CEOのKirk Krappeは上場についてまだ明言しないが、今日(米国時間9/13)のラウンドは今後の投資家の信任を獲得するだろう、と述べた。“バランスシート上に一定量の流動性が必要である、と判断した。企業が上場や買収に臨むときは、投資家たちがその企業の確実な流動性を求める。流動性は、企業を良い位置につける”、と彼は説明する。“弊社の成長は今でも大きいが、最後の手早いプライベートラウンドをやるのが賢明かつ慎重と言えるだろう”。
5500万ドルのラウンドをリードしたのは、インドのシステムインテグレーターWiproのプライベート投資部門Premjiだ。これまでの投資家Salesforce, K1, Iconiqも参加した。
今や13億ドル(2016/9現在)というユニコーン評価額の同社は、これで累計調達額が3億2900万ドルになる。最近では、投資家を国際的に求めることにも果敢だ。たとえばシリーズCの1億800万ドルには、Kuwait Investment Authorityが投資家として参加した。シリーズDの8800万ドルには、サウジアラビアからの投資も含まれる。

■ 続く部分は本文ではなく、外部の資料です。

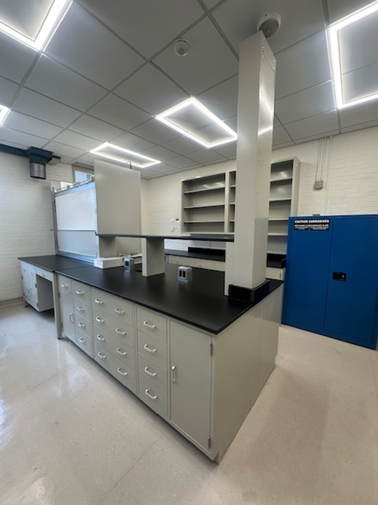 Scope includes laboratory casework, specialty cabinets, fume hoods, demolition, installation, and warehousing, delivered in phased, eight-week turnarounds to maintain academic continuity. Completion is targeted for Summer 2026.

バックにSalesforceがいることは大きい。2015年の終わりには、SalesforceがApttusのライバルSteelBrickを買収して割りを食った形になったが、Apttusはその後Microsoft Dynamics用のバージョンを作るなどして独立を模索した。しかし今ではその傷もすべて癒え、今度のラウンドではSalesforceが投資家として戻ってきた。
Krappeによると、Steelbrickの買収によってSalesforceとの仲がこじれたわけではない、という。“彼らは小さなコンペティターを買ったけれども、弊社の同社との関係は一貫して良好であり、今でもうちの仕事の大半はSalesforceの上でやっている”、と彼は語る。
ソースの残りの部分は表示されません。